- _WORK REQUIRED_:
Both the line with "Einstieg mit Umkehrkerze." and the line with "Base Stitched Jersey" in the records below must appear in the output, along with every line between them, exactly and with nothing added.

- _RECORDS FOR THIS TASK_:
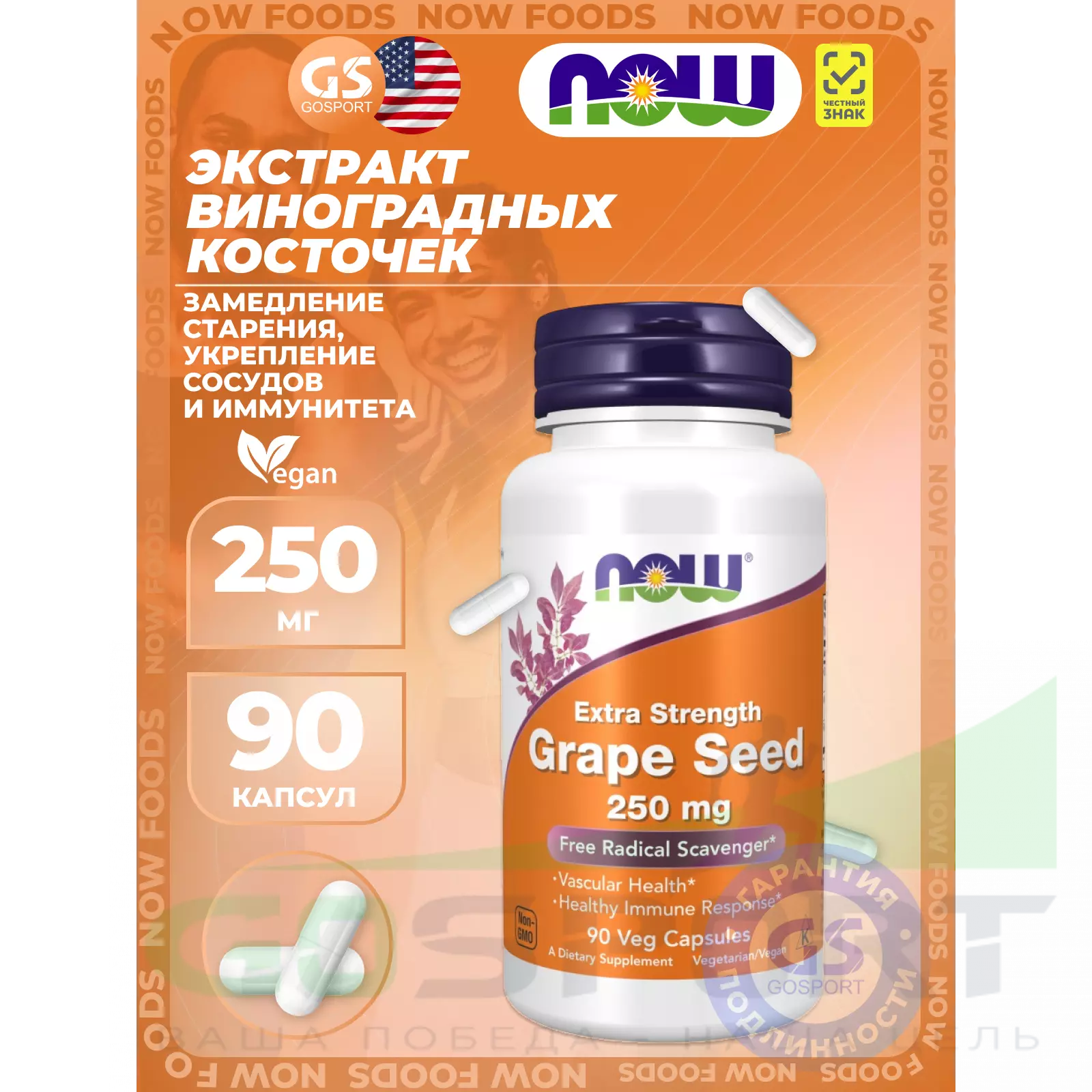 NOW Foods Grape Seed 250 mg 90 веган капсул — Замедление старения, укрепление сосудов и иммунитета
--
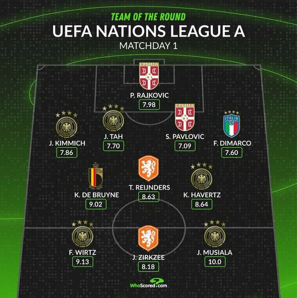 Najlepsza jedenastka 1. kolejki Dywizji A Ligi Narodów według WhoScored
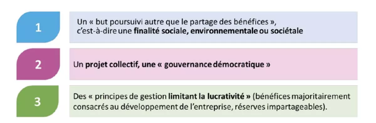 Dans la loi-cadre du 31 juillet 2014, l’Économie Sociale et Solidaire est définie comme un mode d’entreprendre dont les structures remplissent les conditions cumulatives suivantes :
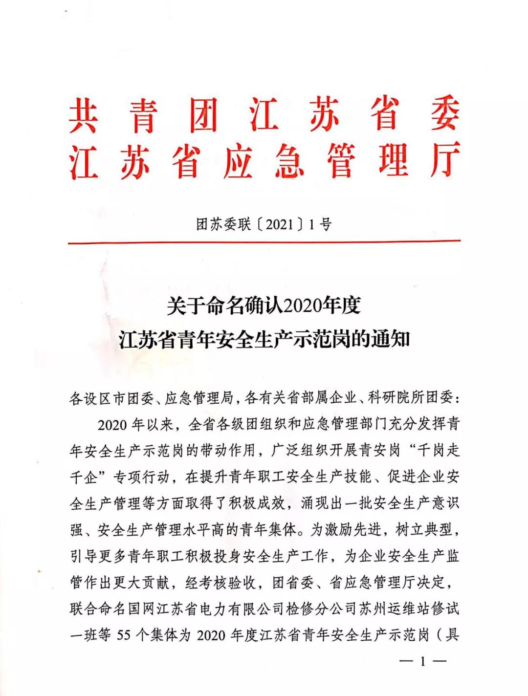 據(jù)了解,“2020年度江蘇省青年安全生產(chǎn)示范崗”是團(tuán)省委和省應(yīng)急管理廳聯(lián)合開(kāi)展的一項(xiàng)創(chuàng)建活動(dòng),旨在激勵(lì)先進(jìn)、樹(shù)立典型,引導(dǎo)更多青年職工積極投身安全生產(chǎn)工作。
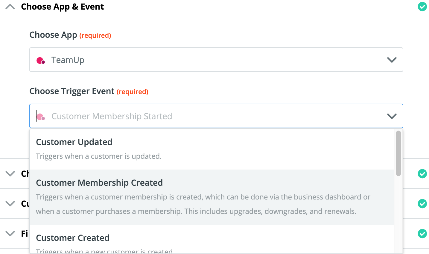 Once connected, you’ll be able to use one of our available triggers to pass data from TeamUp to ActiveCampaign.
...
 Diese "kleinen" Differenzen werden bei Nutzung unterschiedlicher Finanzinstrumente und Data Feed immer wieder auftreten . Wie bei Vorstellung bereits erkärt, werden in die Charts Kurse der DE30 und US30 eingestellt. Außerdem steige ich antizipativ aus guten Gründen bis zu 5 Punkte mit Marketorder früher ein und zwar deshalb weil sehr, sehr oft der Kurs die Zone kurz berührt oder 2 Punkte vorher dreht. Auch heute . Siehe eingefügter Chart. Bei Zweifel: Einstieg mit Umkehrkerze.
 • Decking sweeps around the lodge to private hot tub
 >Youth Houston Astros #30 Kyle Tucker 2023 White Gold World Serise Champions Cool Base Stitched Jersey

- _RESPONSE_:
 Diese "kleinen" Differenzen werden bei Nutzung unterschiedlicher Finanzinstrumente und Data Feed immer wieder auftreten . Wie bei Vorstellung bereits erkärt, werden in die Charts Kurse der DE30 und US30 eingestellt. Außerdem steige ich antizipativ aus guten Gründen bis zu 5 Punkte mit Marketorder früher ein und zwar deshalb weil sehr, sehr oft der Kurs die Zone kurz berührt oder 2 Punkte vorher dreht. Auch heute . Siehe eingefügter Chart. Bei Zweifel: Einstieg mit Umkehrkerze.
 • Decking sweeps around the lodge to private hot tub
 >Youth Houston Astros #30 Kyle Tucker 2023 White Gold World Serise Champions Cool Base Stitched Jersey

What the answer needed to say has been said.